Last updated on February 9th, 2015
Perhaps it’s a little arrogant of me to come out of the gate with such a statement about a New York Times food critic. Yet I must, because his recent article about Neapolitan style pizza incorrectly dismissed Arthur Avenue’s Zero, Otto, Nove calling their pizza insipid. Insipid?! Frank, (if I may?), we need to talk.
First a little background. Both the New York Times and New York recently profiled the major New York city trend of pizza restaurants doing it Naples style. While I think this is pretty fabulous, I’m not lovin’ the rarefied, precious approach to making one of the simplest, most satisfying foods on Planet Earth. Una Pizza Napoletana was charging $21 shcaroles for a pizza. (I do love Anthony Mangieri‘s ornery nature though. And his tattoos.) Kesté hosts pizza making classes underneath the restaurant that cost four THOUSAND dollars. Call me crazy, but there’s something a little insipid about that.
Naples is a city very dear to my heart. It’s dirty, loud, and filled with impatient people zooming all over the place. The chaos is frequently punctuated by the smell of woodsmoke coming from the burning pizza ovens. Pizza in Naples is simple. San Marzano tomatoes and buffalo mozzarella are the ingredients of choice because they’re local. (Hey, there are some benefits to living underneath an overdue volcano.) People on their lunch break and on their way home from school often stop to have a pizza.
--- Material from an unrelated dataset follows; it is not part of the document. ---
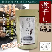 国産の原料を使用した煮干しだし。 背黒・白口片口鰯煮干しを使用。 煮干しの他に、真昆布や焼きあご、干し椎茸など国産素材を配合しています。 だしの出がよく、1〜2分煮出すだけで濃いうまみのあるだしがとれます。 化学調味料・保存料は一切使用しておりません。 袋をやぶって丸ごとお使いいただけます。

Neapolitans consider the best pizza joints in town to be Da Michele and Da Matteo where you can have your own crispy, chewy pizza (reminiscent of naan bread) for just 5 or 6 euros. There’s fluorescent lighting buzzing over your head, the walls are covered in white tile, and your annoyed server will be wearing his undershirt. Suddenly, the classic NYC slice joint makes sense! In Naples, New Yorkers, not just Italians, have a chance to find out where they come from.
So back to Bruni and his opinion of Zero, Otto, Nove and the fact that he is WRONG. First of all, it’s is in the Bronx. (Loud, dirty, filled with impatient people zooming all over the place.) The ingredients, while not necessarily grown locally, all come from the amazing shops and markets on and around Arthur Avenue. The spicy sopressata on the appropriately named pizza diavola is from Biancardi’s right across the street.
Not only does the wood burning pizza oven crank out pies that taste every bit as good as the pizza at Da Michele and Da Matteo in Naples, you get the wonderful chance to feel like you are in Italy. It’s just an added bonus that Zero, Otto, Nove’s pizzaiolo, Giuseppe Paciullo, is from Salerno, and just like so many restaurants in Italy, the waiters are Albanian. There’s nothing precious and rarefied—or insipid—about the food, or the experience.
The rest of the menu is nothing to sneeze at either. None of the Arthur Avenue regulars need me or anyone else to convince them to eat a calzone stuffed with escarole, anchovies, and olives. They appreciate a meatball that is small and made fluffy with milk soaked bread before being fried to crispy perfection. They’ll make sure the kitchen continues doing it right and for a good price.